◆ TASK STATEMENT
Transcribe exactly, and only, the lines that fall between the line containing "пишет The Economist." and the last line of the material, both ends included, omitting any pictures.

◆ GIVEN MATERIAL
- - - -
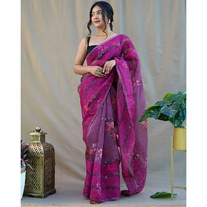 More than a garment, this organza silk saree is a timeless style investment. Cherish it as a treasured heirloom, transcending trends. Enjoy the confidence and legacy it brings, complete with a raw silk blouse for customization.
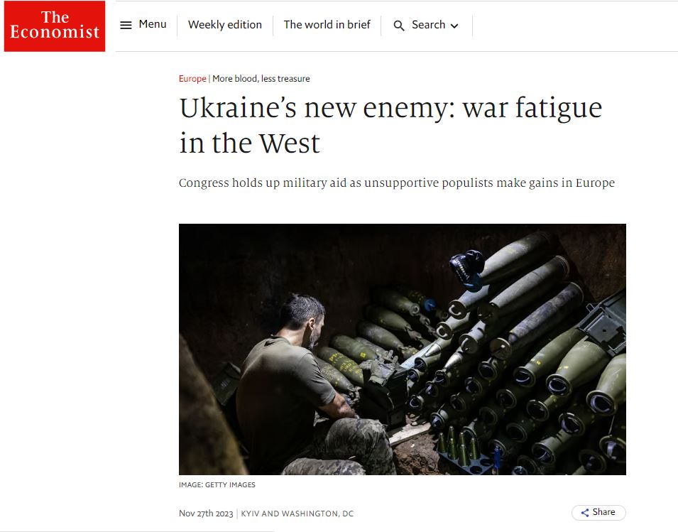 «Глава внешнеполитического ведомства Европейского союза Жозеп Боррель призвал Европу помочь США и взвалить на себя часть бремени. В последнее время Европа действительно взяла на себя целый ряд новых обязательств, пообещав новые пакеты военной помощи. Но эти планы могут остаться планами. В Германии назревает бюджетный кризис, в Нидерландах пришла к власти правая партия «Партия свободы», выступающая против всякой помощи Киеву, а Словакия уже объявила о прекращении помощи. Тогда как украинская армия на передовой уже испытывает "снарядный голод"», – пишет The Economist.
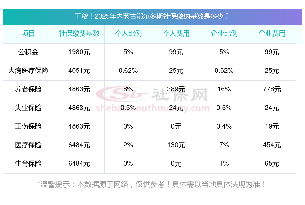 所谓缴纳社保,指的是个人或单位依照法规,按时、足额向社会保险缴纳费用的行动。接下来看看,内蒙古鄂尔多斯社保需要缴费多少钱?2024-2025年内蒙古鄂尔多斯社保缴费档次表??,如下:
- - - -
◆ THE COMPLETED TASK
 «Глава внешнеполитического ведомства Европейского союза Жозеп Боррель призвал Европу помочь США и взвалить на себя часть бремени. В последнее время Европа действительно взяла на себя целый ряд новых обязательств, пообещав новые пакеты военной помощи. Но эти планы могут остаться планами. В Германии назревает бюджетный кризис, в Нидерландах пришла к власти правая партия «Партия свободы», выступающая против всякой помощи Киеву, а Словакия уже объявила о прекращении помощи. Тогда как украинская армия на передовой уже испытывает "снарядный голод"», – пишет The Economist.
 所谓缴纳社保,指的是个人或单位依照法规,按时、足额向社会保险缴纳费用的行动。接下来看看,内蒙古鄂尔多斯社保需要缴费多少钱?2024-2025年内蒙古鄂尔多斯社保缴费档次表??,如下:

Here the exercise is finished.